Antibacterial activity of phytosynthesized AgNPs

Well diffusion assay. To determine the antibacterial potential of the biosynthesized AgNPs, E. coli (ATCC 25922) as the reference strain, and eleven pathogenic strains of E. coli were tested through an agar well diffusion assay for evaluation of the zone of inhibition (ZOI). In this assay, the inoculum of each E. coli isolate was prepared to have a cell density of 108 CFU per mL. A volume of the E. coli inoculum was then spread over the agar for inoculation of the Mueller Hinton Agar (MHA) plate surface. Afterward, different concentrations of AgNPs (128, 256, 512, and 1024 μg mL−1) with a volume of 100 μL were transferred separately through the wells punched aseptically with a diameter of 8 mm. Finally, incubation of the agar plates was performed at 37 °C for 24 h and the ZOI for each concentration of AgNPs was thoroughly estimated.
Broth microdilution assay.
Evaluation of the minimum inhibitory concentration (MIC). The MIC value of the biogenic AgNPs is considered as the lowest concentration of the content inhibiting the entire growth of the bacteria visibly, for measurement of which twelve wells of a 96-well microtiter plate were poured with 100 μL Mueller Hinton Broth (MHB) medium.

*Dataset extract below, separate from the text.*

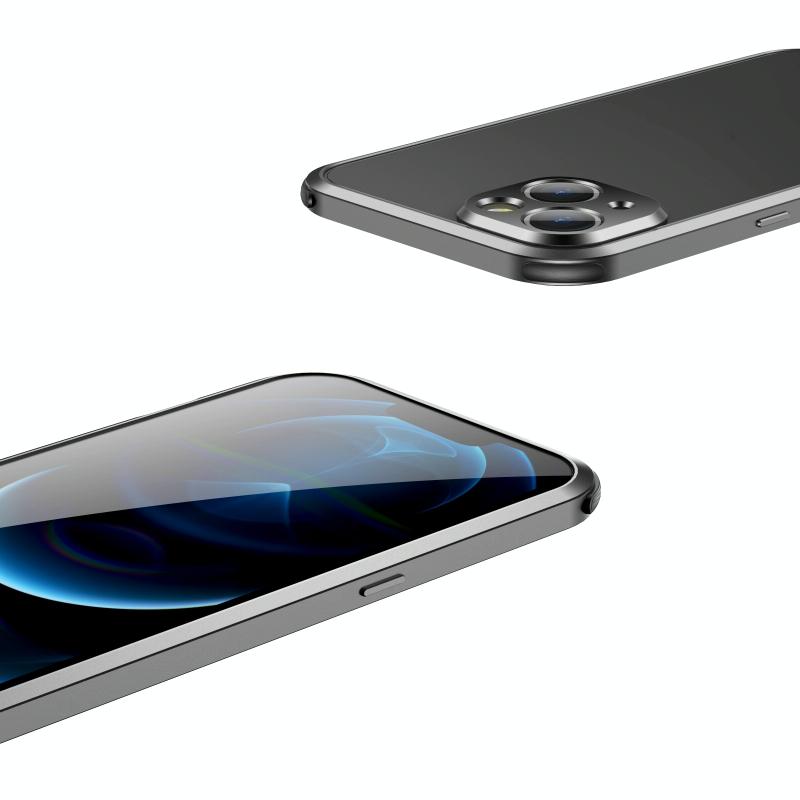 For iPhone 13 Pro Four Corners Shockproof Metal Frame Phone Case (Sierra Blue)

Afterward, 100 μL of the biologically fabricated AgNPs was seeded in the first well, 100 μL of the first well composition was seeded in the second well and this technique was similarly performed for the third to the eleventh well. The twelfth well was regarded as the negative control containing no nanomaterials. The next step was the spread of 100 μL E. coli suspension at the concentration of 106 CFU per mL in all of the twelve wells. In a similar procedure, the MIC of antibiotic gentamicin was assessed as the standard and the plates were transferred into the incubator at 37 °C for 24 h once the constituent was mixed.
Evaluation of the minimum bactericidal concentration (MBC). The determination of the MBC endpoint was through the spread of 50 μL wells contents that lacked any visible bacterial growth over the MHA surface plates. The plates were finally incubated at 37 °C for 48 h and at last, the MBC value, which is defined as the lowest concentration of biofabricated AgNPs in the plates with 99.9% bacteria-free content, was evaluated.
DNA leakage assay. At first, a reference strain of E. coli (ATCC 25922) with a concentration adjusted to 0.5 McFarland (equivalent to 108 CFU per mL) in the Luria-Bertani (LB) broth was prepared and then treated with AgNPs at the MIC (8 μg mL−1). Afterwards, the sample was incubated at 37 °C and 125 rpm for 24 h. Then, the sample was centrifuged at 8000 rpm for 5 min resulting in the separation of the supernatant. Finally, the optical density (OD) of the supernatant was measured at 260 nm by Thermo Scientific NanoDrop™ 2000 Spectrophotometer.
Protein leakage assay. After the preparation of a reference strain of E. coli (ATCC 25922) with a concentration of 0.5 McFarland (equivalent to 108 CFU per mL) in the LB broth, the sample was treated with AgNPs at the MIC (8 μg mL−1). Then, the samples were put in the incubator at 37 °C and 125 rpm for 24 h followed by centrifugation at 8000 rpm for 5 min. Finally, the supernatant was separated. For the evaluation of protein leakage, the bicinchoninic acid (BCA) Protein Quantification Kit (Pars Tous Company, Iran; Catalog Number: A101251) was used. According to the method of the manufacturing company, first 25 μL of the supernatant sample was transferred to a 96-well microtiter plate (SPL Life Sciences, Korea). Then, 75 μL of the working reagent solution was added to the samples and was incubated at 60 °C for 1 h. Afterward, the OD of samples at 562 nm was measured using a Hybrid Multimode Reader Cytation 3 (BioTek Company, USA).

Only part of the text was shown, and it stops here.